Exercise details: What must be handed in is the entire listing, exactly as written, with no pictures.
START Information given
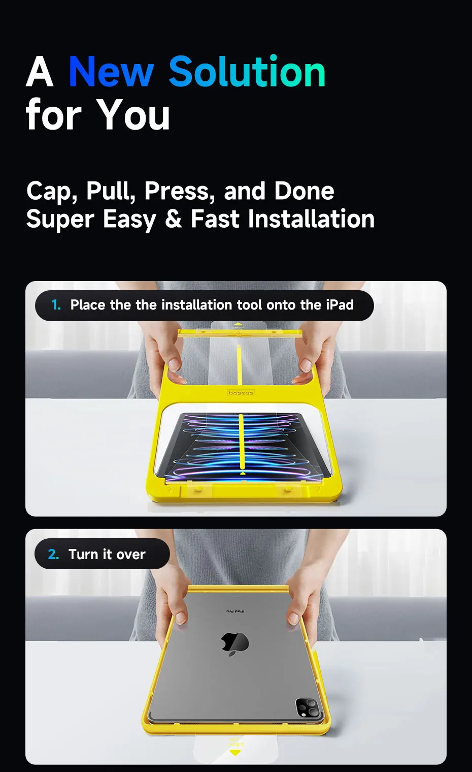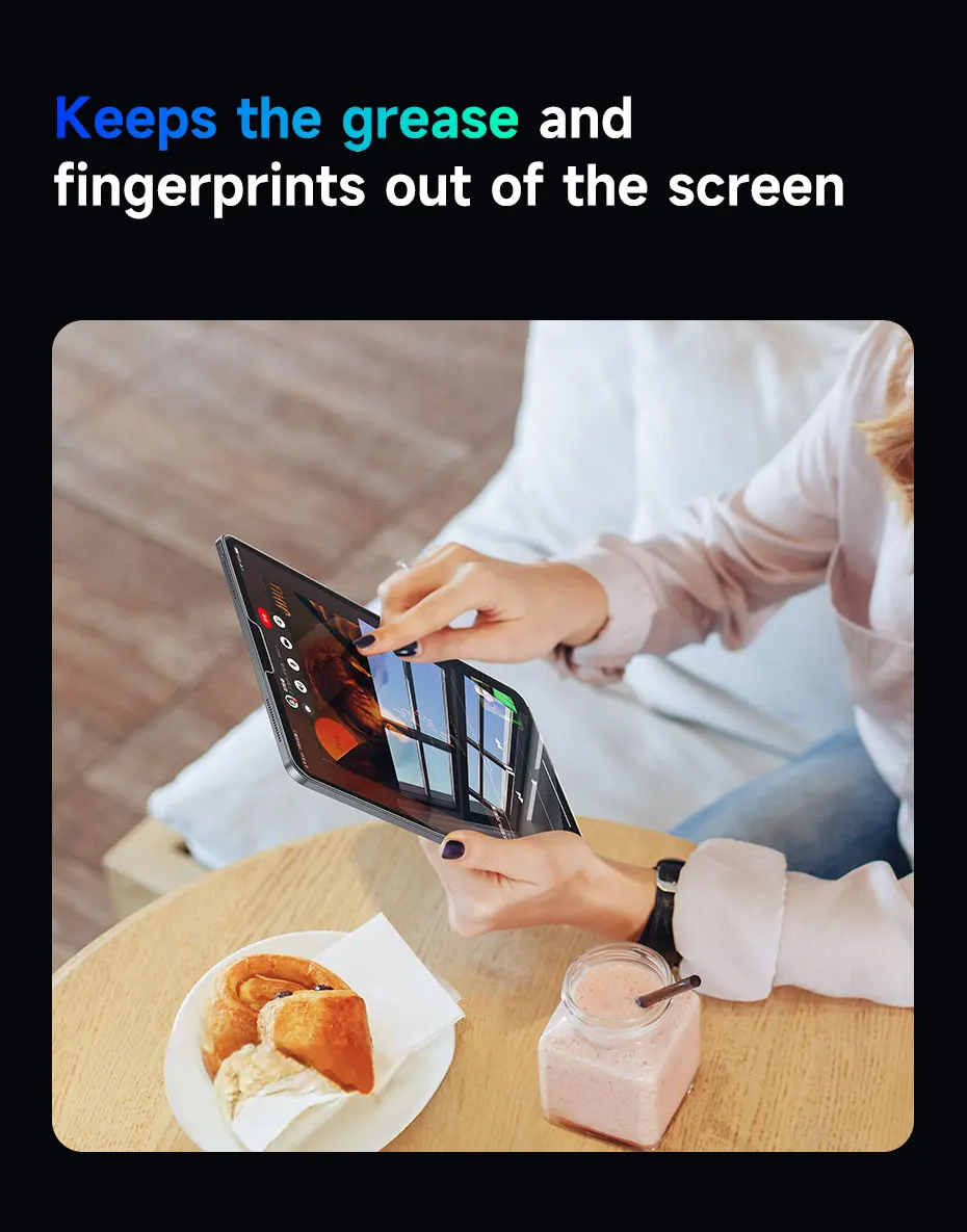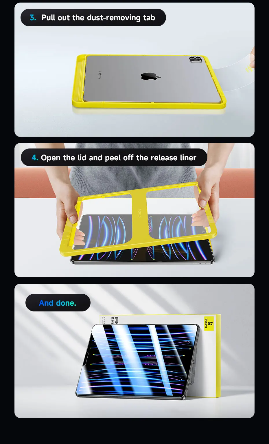 1. To ensure the bubble-free, please kindly clean the screen of your pad before filming.
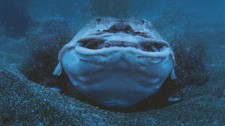 So wenig der Name Teufelsrochen zu dem geselligen Riesenmanta passen will, so wenig engelsgleich verhält sich der Meerengel. Der kleine Hai mit dem himmlischen Namen hat - anders als seine Verwandten - einen flachen Körper. Damit kann er sich wunderbar am Meeresgrund verstecken. Auf seinem Kopf besitzt er Öffnungen, sogenannte Spritzlöcher. Mit ihnen kann er wie ein Staubsauger im Rückwärtsgang Sand über seinen ganzen Körper verteilen. So getarnt verharrt er wochenlang, bis sich ein ahnungsloses Beutetier nähert. Mit einem erstaunlich schnellen Schnapper schlägt der Engelshai zu und verschluckt sein Opfer in einem Stück.
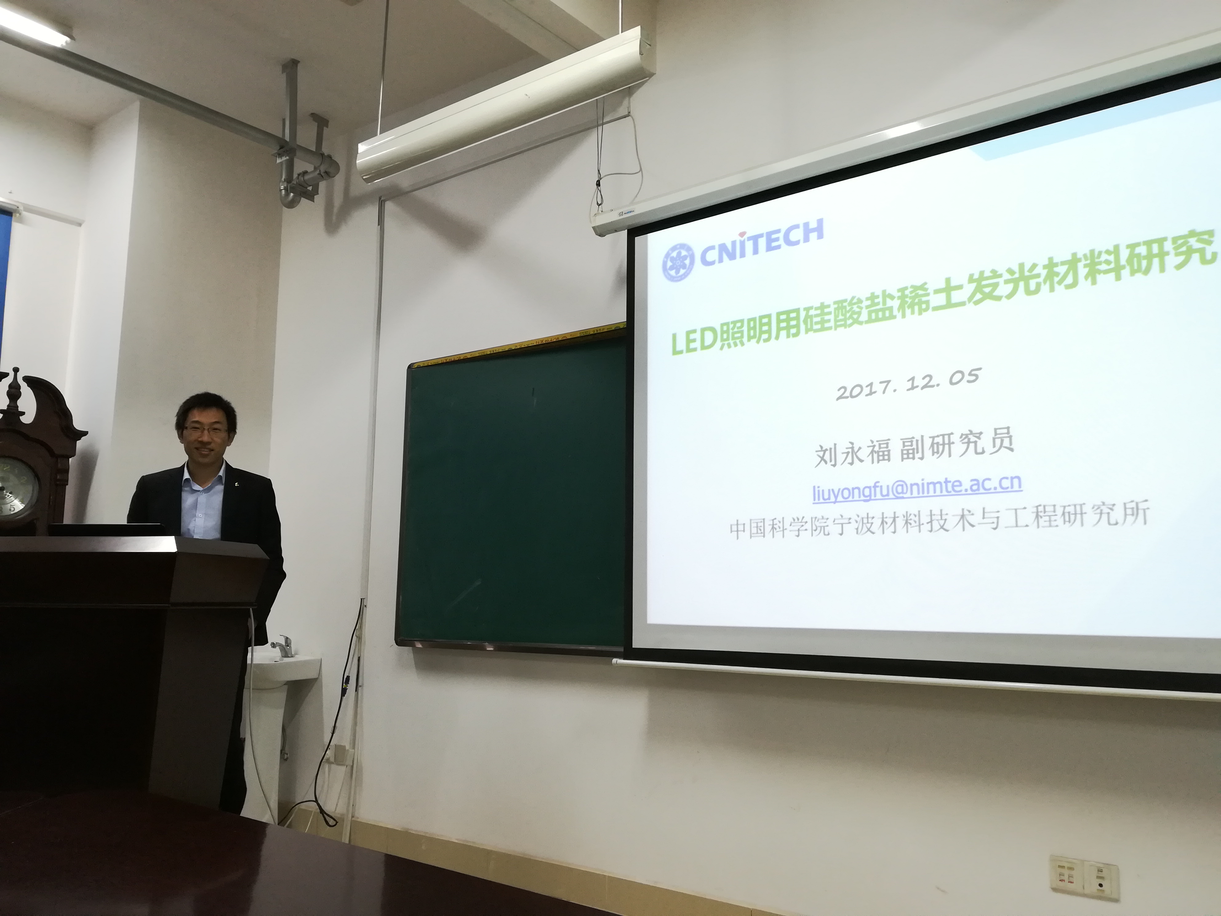 2017年12月4日上午十点,中国科学院宁波材料技术与工程研究所刘永福研究员做客化学化工学院,给化学化工学院师生带来了一场题为“LED照明用硅酸盐稀土发光材料研究”的学术报告。报告由院长陈波教授主持,化学化工学院部分师生聆听了此次报告。
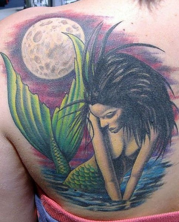 背部彩色的美人鱼和满月纹身图案
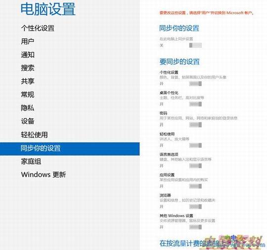无论是个人电脑、平板电脑还是笔记本,你使用的一切都可以对个人设置进行同步。我们要感谢 Mrot 帐户和 Windows 8 云端友好平台,你的个性化设置可以与你一路随行。“更改电脑设置”中的“同步你的设置”选项可以让你同步个性化设置(背景,颜色,锁屏和帐户图片)、密码、语言偏好、应用设置、浏览器设置,等等。这一功能使得新设备更易于上手,同时在使用从朋友那里借来的平板或笔记本时也可以拥有更加符合个人习惯的体验。
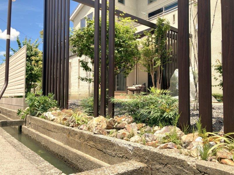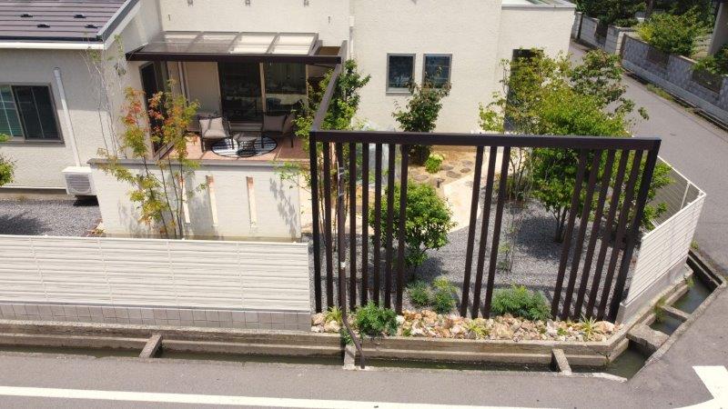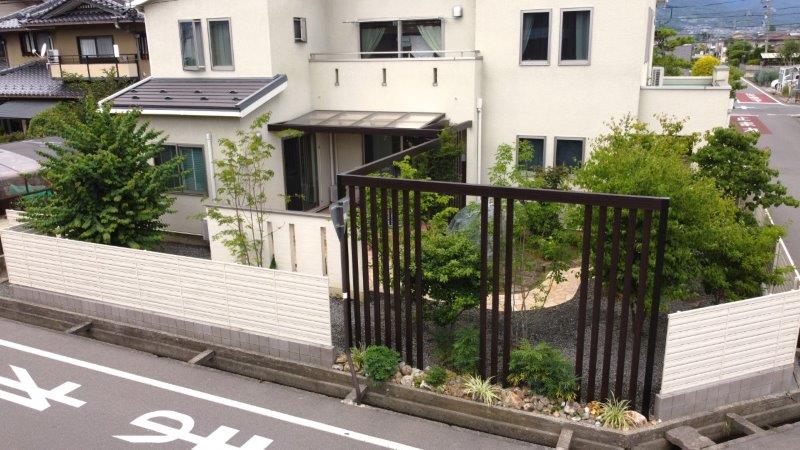 交差点のため周囲からの視線の通りが良く、ゆったりとお庭で過ごすためには目隠しが必要でした。
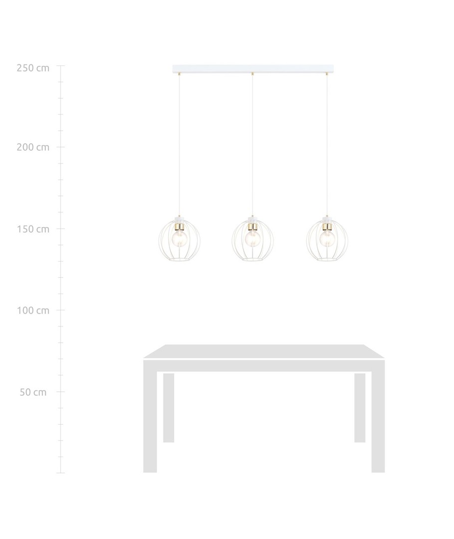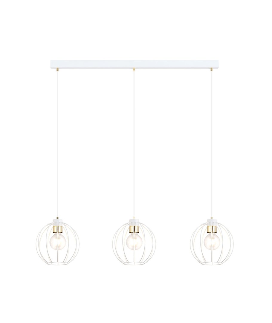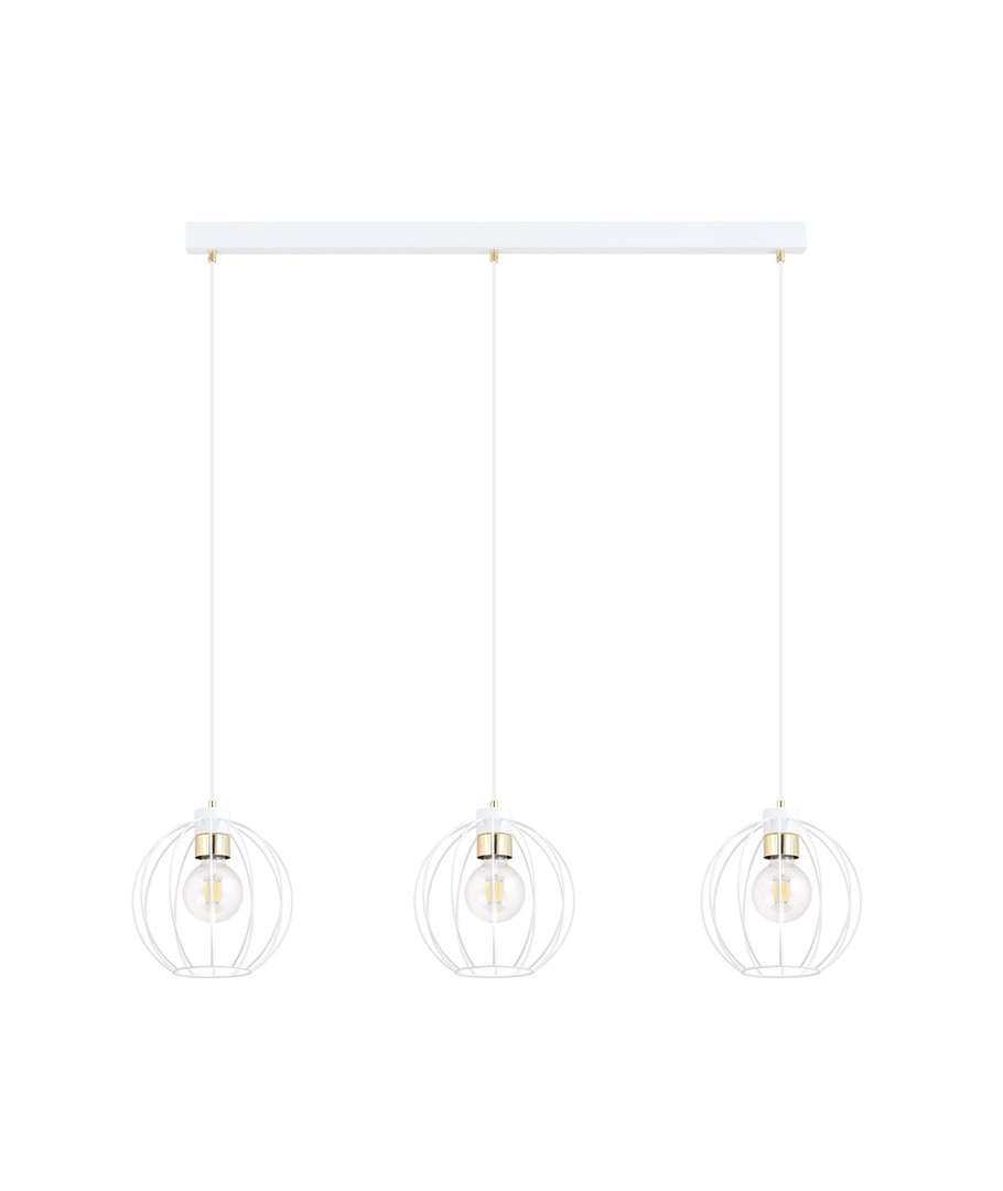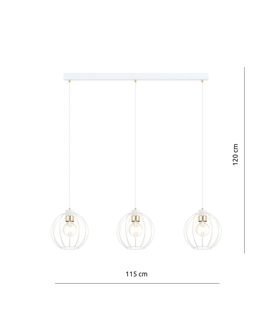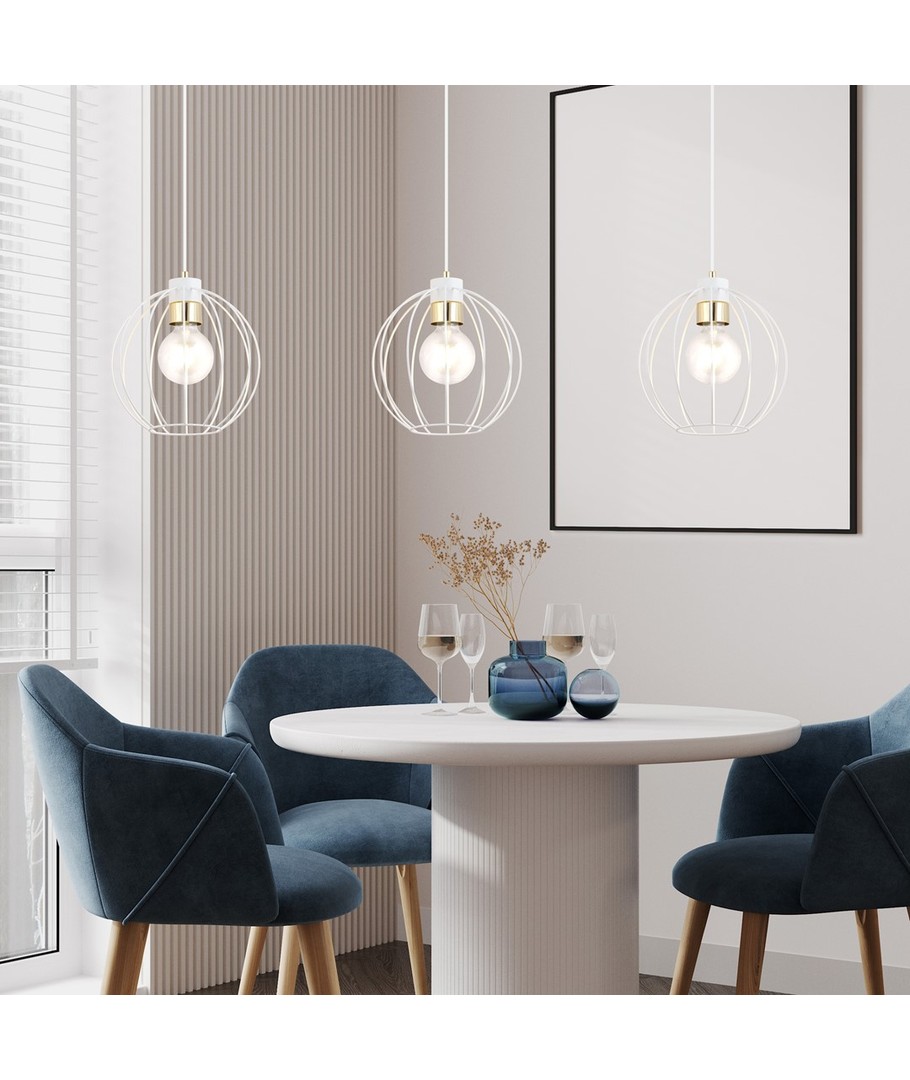 Gino 3 pendellampe i hvit og gull er en moderne lampe som tilfører eleganse til din innredning. Den er ideell for både stuer og loftsmiljøer, hvor den skaper en unik atmosfære. Med justerbare ledninger kan du tilpasse lampens høyde slik at den passer perfekt til rommets behov og sikrer jevn belysning selv i større områder. De store metallskjermene i vakkert design passer inn i de fleste hjem, mens de dekorative gulldetaljene gir et lett og stilfullt uttrykk.
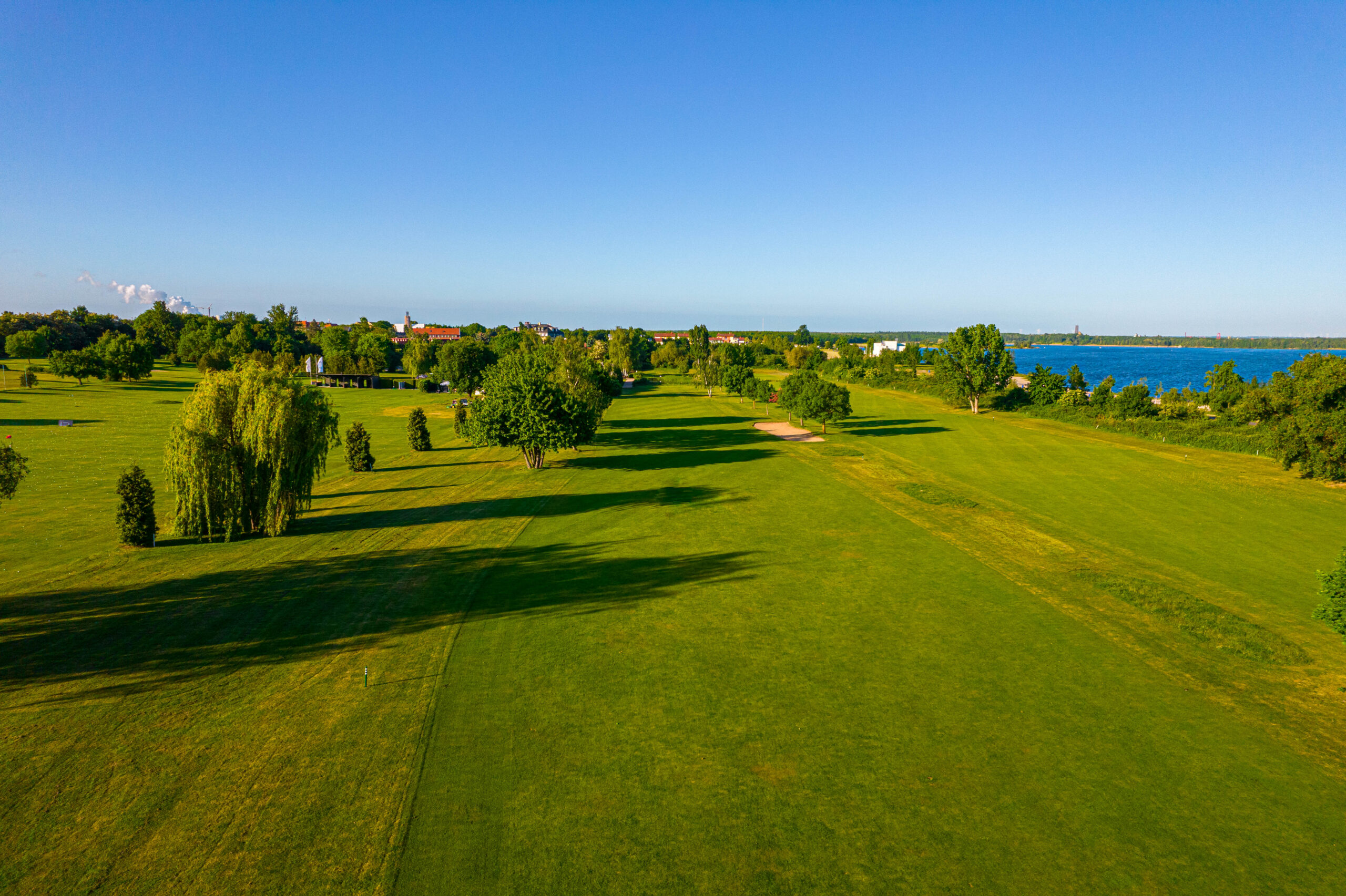 Der Golfplatz befindet sich in einer ruhigen Naturlandschaft südlich von Leipzig, direkt am Cospudener See, der durch die Rekultivierung eines ehemaligen Braunkohletagebaus entstanden ist. Die Spieler finden hier also nicht nur sportliche Betätigung, sondern auch schöne Ausblicke auf den See und die umliegende Landschaft. Hier verbinden sich Geschichte und moderne Freizeitgestaltung.
END Information given
Output of the exercise:
 1. To ensure the bubble-free, please kindly clean the screen of your pad before filming.
 So wenig der Name Teufelsrochen zu dem geselligen Riesenmanta passen will, so wenig engelsgleich verhält sich der Meerengel. Der kleine Hai mit dem himmlischen Namen hat - anders als seine Verwandten - einen flachen Körper. Damit kann er sich wunderbar am Meeresgrund verstecken. Auf seinem Kopf besitzt er Öffnungen, sogenannte Spritzlöcher. Mit ihnen kann er wie ein Staubsauger im Rückwärtsgang Sand über seinen ganzen Körper verteilen. So getarnt verharrt er wochenlang, bis sich ein ahnungsloses Beutetier nähert. Mit einem erstaunlich schnellen Schnapper schlägt der Engelshai zu und verschluckt sein Opfer in einem Stück.
 2017年12月4日上午十点,中国科学院宁波材料技术与工程研究所刘永福研究员做客化学化工学院,给化学化工学院师生带来了一场题为“LED照明用硅酸盐稀土发光材料研究”的学术报告。报告由院长陈波教授主持,化学化工学院部分师生聆听了此次报告。
 背部彩色的美人鱼和满月纹身图案
无论是个人电脑、平板电脑还是笔记本,你使用的一切都可以对个人设置进行同步。我们要感谢 Mrot 帐户和 Windows 8 云端友好平台,你的个性化设置可以与你一路随行。“更改电脑设置”中的“同步你的设置”选项可以让你同步个性化设置(背景,颜色,锁屏和帐户图片)、密码、语言偏好、应用设置、浏览器设置,等等。这一功能使得新设备更易于上手,同时在使用从朋友那里借来的平板或笔记本时也可以拥有更加符合个人习惯的体验。
 交差点のため周囲からの視線の通りが良く、ゆったりとお庭で過ごすためには目隠しが必要でした。
 Gino 3 pendellampe i hvit og gull er en moderne lampe som tilfører eleganse til din innredning. Den er ideell for både stuer og loftsmiljøer, hvor den skaper en unik atmosfære. Med justerbare ledninger kan du tilpasse lampens høyde slik at den passer perfekt til rommets behov og sikrer jevn belysning selv i større områder. De store metallskjermene i vakkert design passer inn i de fleste hjem, mens de dekorative gulldetaljene gir et lett og stilfullt uttrykk.
 Der Golfplatz befindet sich in einer ruhigen Naturlandschaft südlich von Leipzig, direkt am Cospudener See, der durch die Rekultivierung eines ehemaligen Braunkohletagebaus entstanden ist. Die Spieler finden hier also nicht nur sportliche Betätigung, sondern auch schöne Ausblicke auf den See und die umliegende Landschaft. Hier verbinden sich Geschichte und moderne Freizeitgestaltung.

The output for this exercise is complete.